The bad weather the country has been having will always get people needing diy products,therefore Wix should benefit.
There might be. Obviously depends on how they see best interest, and their visibility on forward cash.
Whatever happens, there’s good opportunity for capital growth alongside returns. I believe.
Culpepper my first buy was £1.55 but brought 4 times as many at £1.29 so into the blue. You know I'm really bullish on this one.
Cash position at 31st Dec will be interesting. I think there could be a case for a special.
Even without it with inflation at 3.9% and falling the yield looks good.
I'm holding
It’s a slow process, but that’s alright. Geared only at increasing eps. More shares cancelled, more earnings for each of those remaining.
As per RNS.
We had conversation about that earlier on this page. I can’t add to that.
They are making enough to invest in the future, tech, new and upgraded stores, as well as making returns to shareholders through normal dividend. And now additional returns.
I see that continuing. And I guess by future buy-back programmes, having satisfied dividend.

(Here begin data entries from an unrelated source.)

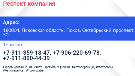 Респект, компания по адресу 180004, Псковская область, Псков, Октябрьский проспект, 50 в дальнейшем Организация, размещена в следующих категориях:
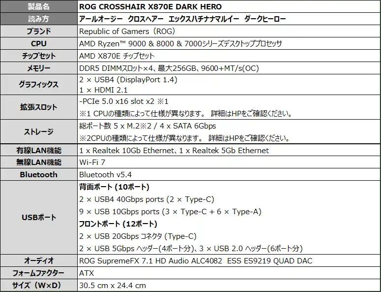 ASUS JAPAN株式会社は、ゲーミングブランドRepublic of Gamersより、AIO Qコネクタを搭載したAMD AM5 ソケットX870Eチップセットのマザーボード「ROG CROSSHAIR X870E DARK HERO」、ホワイト基板のTUF Gamingマザーボード「TUF GAMING X870-PRO WIFI7 W NEO」、B650チップセットのMicroATXマザーボード「TUF GAMING B650EM-E WIFI」の3モデルを発表しました。2026年4月24日(金)より販売開始します。 |
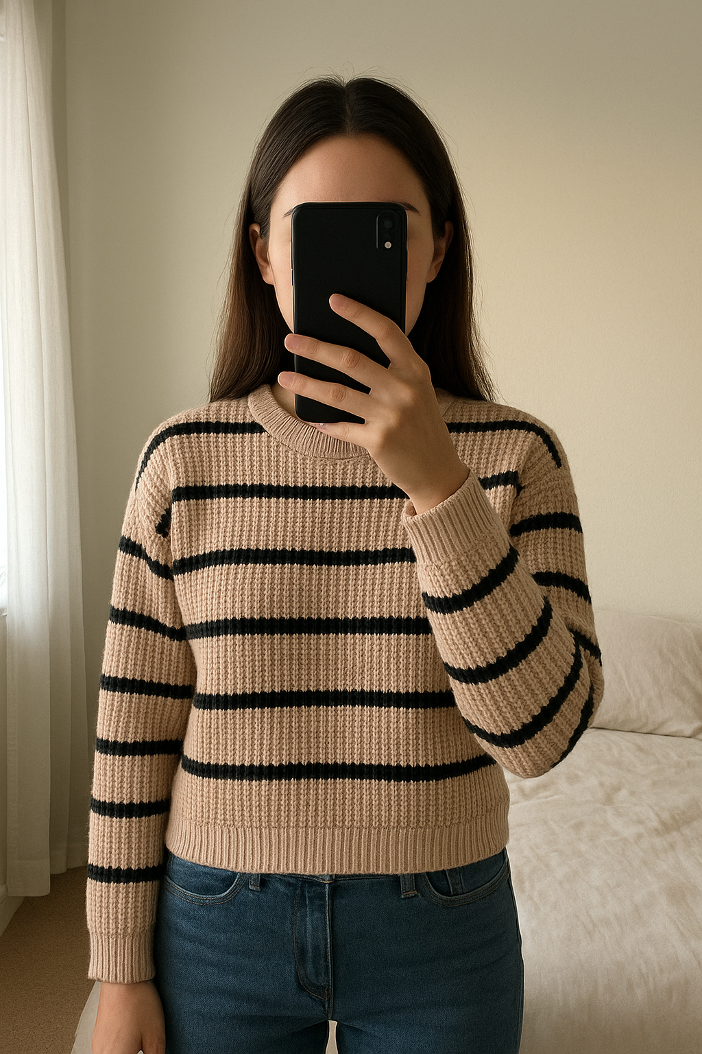 Pull à rayures M - Maglione a righe M donna inverno in piedi, rivolto verso la fotocamera, in una camera da letto con luce soffusa e luce naturale che filtra dalla finestra.

Shares will prove to be cheap as economy improves. Buying them back now is efficient and effective.
How long do management allow share buybacks to continue.

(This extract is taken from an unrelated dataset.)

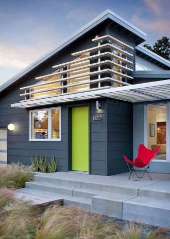 Односкатные крыши гармоничны в сочетании с наклонными навесами. Это позволяет выгодно подчеркнуть некоторые части дома, сделать акцент на дизайне входной группы. Стильно смотрятся дополнения в виде козырьков, словно невесомых пристроек, навесов с покрытием из поликарбоната или профнастила.

Https://www.moreaboutadvertising.com/2023/12/st-lukes-wins-diy-and-kitchens-retailer-wickes/
And they’ll benefit from the divi too, with greater ongoing yield having bought low, and returns to shareholders being slowly helped by buy-back. Assuming we all don’t go to hell in a handcart, no DIY and building work required, dwhich hasn’t so far proved to be the case.
I think the blurb indicates they’re thinking longer term UK equity. Buying in anticipation of reversal whilst prices are depressed.
One has to remember that Wickes is principally a retailer which means that if they are carefully watching their margins, they will be adding to their cash balance day after day. They do have some borrowings but it looks as though they are steadily reducing that as well as doing the buy backs. With good management this business will look a whole lot healthier in another 2 - 3 years IMO, which could be the reason for Chelverton's interest.
Chelverton UK Dividend Trust PLC adding Wickes. Contains their general take on buybacks, takeovers, household spending power and confidence in their portfolio over time.
https://www.investegate.co.uk/announcement/rns/chelverton-uk-dividend-trust--sdv/half-year-report/7907567
My understanding is Chelverton Asset Management already holds 4.5%.
When I started I made a quick £17k. Took it, bought back in later.
It’s very mixed. Frankly, I was too early into it as an investment. I have traded some, averaged down, etc., etc.
But I’m on the losing side with it now.
Have to be content with dividend, which is doing sufficient of a job for me whilst we all wait for an upturn in the UK economy. That’s OK for me.
At the beginning, nobody was posting on this as I recall. So I decided to. In posting, I have picked on just one or two of several to post on. Bit of a useless pastime really, but something I do to keep the marbles rolling.
Culpepper - if you dont mind me asking. What's the story behind your investment ? You've been here for a while. I'm sold on the fundamentals but have called a lot wrong. Let's hope I'm not a jinx
Thank Culpepper - the authority is until 1st Feb so would expect this to be fully completed.
So after £12.5m has been spent, I expect to see a RNS before moving on with the remainder of the current programme.
They call the first tranche for £12.5m of the £25m buyback programme, the ‘initial programme.’
It appears that the intention was to issue a further RNS to announce when they go beyond that.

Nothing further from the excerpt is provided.